[Content warning: Contains confronting images and/or video footage]
We are never as removed from animals as we would like to pretend.
In recent months following the outbreak of Coronavirus (COVID-19), the world has been introduced to 传统市场, better known as “street markets” or “wet markets”. They are places common across Asia for all things perishable, such as fruits, vegetables, and – most notably – animals, dead or alive.

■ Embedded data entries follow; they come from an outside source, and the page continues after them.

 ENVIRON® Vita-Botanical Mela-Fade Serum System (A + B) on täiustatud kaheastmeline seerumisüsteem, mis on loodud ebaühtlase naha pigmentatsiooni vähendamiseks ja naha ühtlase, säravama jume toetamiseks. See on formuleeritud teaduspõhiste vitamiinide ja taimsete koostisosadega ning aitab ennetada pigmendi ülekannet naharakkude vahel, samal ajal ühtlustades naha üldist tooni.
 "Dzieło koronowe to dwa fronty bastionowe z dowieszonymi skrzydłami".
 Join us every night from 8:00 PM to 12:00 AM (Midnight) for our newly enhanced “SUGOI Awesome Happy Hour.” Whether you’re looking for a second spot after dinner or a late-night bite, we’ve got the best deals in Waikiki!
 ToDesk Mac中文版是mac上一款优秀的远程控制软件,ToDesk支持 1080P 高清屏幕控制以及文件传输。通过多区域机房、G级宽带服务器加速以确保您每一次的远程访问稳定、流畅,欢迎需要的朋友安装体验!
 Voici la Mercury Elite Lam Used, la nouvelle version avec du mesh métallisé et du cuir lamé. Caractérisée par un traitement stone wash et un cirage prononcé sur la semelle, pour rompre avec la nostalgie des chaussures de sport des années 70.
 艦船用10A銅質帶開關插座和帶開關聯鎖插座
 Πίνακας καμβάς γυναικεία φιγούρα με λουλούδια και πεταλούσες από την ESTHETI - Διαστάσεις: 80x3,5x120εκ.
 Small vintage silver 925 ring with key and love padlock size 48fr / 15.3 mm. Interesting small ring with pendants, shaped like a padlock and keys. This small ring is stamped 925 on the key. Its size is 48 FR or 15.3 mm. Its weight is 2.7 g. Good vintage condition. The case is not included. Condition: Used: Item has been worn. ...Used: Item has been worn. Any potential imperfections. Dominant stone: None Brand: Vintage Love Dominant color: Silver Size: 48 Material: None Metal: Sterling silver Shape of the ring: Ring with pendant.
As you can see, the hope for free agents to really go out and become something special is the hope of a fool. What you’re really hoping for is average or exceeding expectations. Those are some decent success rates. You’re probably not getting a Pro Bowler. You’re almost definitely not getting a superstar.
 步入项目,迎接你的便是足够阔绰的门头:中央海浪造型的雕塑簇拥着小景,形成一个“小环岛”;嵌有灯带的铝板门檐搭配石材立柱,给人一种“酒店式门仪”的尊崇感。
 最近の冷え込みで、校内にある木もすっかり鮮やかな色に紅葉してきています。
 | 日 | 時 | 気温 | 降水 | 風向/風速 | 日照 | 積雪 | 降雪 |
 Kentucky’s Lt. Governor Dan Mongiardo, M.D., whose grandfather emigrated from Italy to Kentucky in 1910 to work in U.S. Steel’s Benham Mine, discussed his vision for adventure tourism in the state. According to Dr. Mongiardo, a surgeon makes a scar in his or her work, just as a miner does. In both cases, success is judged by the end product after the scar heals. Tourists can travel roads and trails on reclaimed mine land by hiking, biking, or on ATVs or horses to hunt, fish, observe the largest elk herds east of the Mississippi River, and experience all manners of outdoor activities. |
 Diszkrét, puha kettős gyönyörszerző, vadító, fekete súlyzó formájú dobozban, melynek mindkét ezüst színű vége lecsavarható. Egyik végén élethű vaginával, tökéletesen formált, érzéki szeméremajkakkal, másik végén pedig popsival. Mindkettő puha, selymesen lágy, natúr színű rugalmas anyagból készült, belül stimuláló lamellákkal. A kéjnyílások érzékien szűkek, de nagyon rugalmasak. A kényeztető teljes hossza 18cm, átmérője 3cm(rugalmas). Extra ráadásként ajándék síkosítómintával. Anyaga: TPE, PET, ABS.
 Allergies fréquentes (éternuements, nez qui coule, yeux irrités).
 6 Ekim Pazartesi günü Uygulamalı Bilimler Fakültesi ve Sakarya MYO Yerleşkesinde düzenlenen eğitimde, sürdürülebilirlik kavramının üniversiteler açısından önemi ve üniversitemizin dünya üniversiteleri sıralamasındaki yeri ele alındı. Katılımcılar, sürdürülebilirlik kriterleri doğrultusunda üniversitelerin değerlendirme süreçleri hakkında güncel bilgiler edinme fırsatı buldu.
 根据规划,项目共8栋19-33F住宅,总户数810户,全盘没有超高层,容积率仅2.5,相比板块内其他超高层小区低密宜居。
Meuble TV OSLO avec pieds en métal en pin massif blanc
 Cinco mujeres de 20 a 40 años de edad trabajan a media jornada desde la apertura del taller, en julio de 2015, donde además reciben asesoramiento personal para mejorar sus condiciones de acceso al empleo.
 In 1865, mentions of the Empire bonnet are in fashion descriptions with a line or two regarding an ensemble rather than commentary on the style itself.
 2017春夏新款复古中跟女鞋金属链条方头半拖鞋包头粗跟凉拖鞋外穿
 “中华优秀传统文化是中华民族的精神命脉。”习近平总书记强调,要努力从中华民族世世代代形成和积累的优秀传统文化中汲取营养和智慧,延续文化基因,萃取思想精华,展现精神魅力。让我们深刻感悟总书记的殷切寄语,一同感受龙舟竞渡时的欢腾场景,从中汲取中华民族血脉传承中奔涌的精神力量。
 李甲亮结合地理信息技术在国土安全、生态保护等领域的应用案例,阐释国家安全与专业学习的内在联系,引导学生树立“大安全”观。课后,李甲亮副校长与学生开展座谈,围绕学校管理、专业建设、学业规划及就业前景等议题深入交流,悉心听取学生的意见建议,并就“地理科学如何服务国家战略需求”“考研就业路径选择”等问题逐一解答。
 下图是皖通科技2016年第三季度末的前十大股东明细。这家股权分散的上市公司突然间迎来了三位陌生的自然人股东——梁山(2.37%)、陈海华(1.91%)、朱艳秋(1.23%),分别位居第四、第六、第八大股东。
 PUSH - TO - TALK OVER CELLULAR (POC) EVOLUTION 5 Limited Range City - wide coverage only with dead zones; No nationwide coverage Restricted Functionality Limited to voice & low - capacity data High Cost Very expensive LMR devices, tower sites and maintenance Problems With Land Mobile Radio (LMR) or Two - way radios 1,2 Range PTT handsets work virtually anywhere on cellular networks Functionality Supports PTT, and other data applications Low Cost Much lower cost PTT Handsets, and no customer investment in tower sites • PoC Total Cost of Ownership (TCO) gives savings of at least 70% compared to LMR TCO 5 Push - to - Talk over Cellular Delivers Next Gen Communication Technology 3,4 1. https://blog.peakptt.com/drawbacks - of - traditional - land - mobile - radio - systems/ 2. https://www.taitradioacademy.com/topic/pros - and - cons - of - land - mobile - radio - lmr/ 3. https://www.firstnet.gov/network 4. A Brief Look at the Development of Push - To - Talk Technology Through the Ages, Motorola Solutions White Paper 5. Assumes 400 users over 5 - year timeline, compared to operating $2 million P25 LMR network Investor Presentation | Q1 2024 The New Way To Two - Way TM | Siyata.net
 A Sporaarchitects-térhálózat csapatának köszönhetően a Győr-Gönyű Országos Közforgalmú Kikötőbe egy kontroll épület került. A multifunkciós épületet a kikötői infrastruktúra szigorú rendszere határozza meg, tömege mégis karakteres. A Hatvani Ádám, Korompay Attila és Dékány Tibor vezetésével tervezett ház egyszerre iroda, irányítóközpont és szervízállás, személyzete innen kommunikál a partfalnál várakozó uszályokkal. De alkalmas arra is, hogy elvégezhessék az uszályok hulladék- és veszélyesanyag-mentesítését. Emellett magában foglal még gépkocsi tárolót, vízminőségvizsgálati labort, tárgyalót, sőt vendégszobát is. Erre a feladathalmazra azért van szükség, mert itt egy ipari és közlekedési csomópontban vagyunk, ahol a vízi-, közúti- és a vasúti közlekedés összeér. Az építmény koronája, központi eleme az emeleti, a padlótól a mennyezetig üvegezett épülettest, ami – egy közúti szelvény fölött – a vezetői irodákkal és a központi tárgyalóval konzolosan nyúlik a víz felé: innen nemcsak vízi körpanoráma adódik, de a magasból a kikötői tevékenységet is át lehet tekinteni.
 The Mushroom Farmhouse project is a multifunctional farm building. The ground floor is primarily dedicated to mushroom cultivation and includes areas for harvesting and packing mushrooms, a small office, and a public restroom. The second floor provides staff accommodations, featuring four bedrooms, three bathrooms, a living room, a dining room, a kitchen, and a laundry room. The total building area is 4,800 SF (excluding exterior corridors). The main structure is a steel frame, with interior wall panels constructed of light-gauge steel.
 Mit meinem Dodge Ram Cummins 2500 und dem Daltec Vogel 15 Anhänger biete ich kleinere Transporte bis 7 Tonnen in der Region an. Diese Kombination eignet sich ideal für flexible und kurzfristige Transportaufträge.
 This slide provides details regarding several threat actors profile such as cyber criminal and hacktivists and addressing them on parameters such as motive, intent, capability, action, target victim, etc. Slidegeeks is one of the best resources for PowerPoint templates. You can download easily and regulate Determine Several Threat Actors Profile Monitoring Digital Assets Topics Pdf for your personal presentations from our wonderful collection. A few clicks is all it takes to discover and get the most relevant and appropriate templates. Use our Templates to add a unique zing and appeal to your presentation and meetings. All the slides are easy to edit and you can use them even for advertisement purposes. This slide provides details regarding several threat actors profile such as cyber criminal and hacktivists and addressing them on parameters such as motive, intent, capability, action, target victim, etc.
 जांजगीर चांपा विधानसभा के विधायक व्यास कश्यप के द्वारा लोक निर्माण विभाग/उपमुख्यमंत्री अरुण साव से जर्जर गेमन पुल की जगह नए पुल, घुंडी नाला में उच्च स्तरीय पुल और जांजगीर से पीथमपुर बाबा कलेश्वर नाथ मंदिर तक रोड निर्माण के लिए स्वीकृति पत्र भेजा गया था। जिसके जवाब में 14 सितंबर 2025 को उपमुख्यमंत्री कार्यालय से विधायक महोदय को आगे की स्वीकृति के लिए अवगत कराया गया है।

I’ve visited and documented many such markets over the years and, though no two are the same, I’m always struck by their shared, defining sense of raw chaos. There’s a constant roar of shouting, haggling customers and the puttering engines of scooters as they snake their way through narrow rows of vendor stalls. Meat cleavers rhythmically pound through impossibly large chunks of flesh, flicking bits and juice with each repeated chop. Sometimes adding to this ambience is the sound of a live animal who has been chosen from a crate and now attempts one last desperate escape before they are butchered and deconstructed in front of a waiting buyer.
These images offer a glimpse into what is often purposely obscured in the west.
It is the space in between the whole, living animal and their unrecognizable, packaged parts. It is the precarious middle where cross-contamination and disease transmission waits. It is the living proof of what has been true all along; be it pig or pangolin, we are never as removed from animals as we would like to pretend.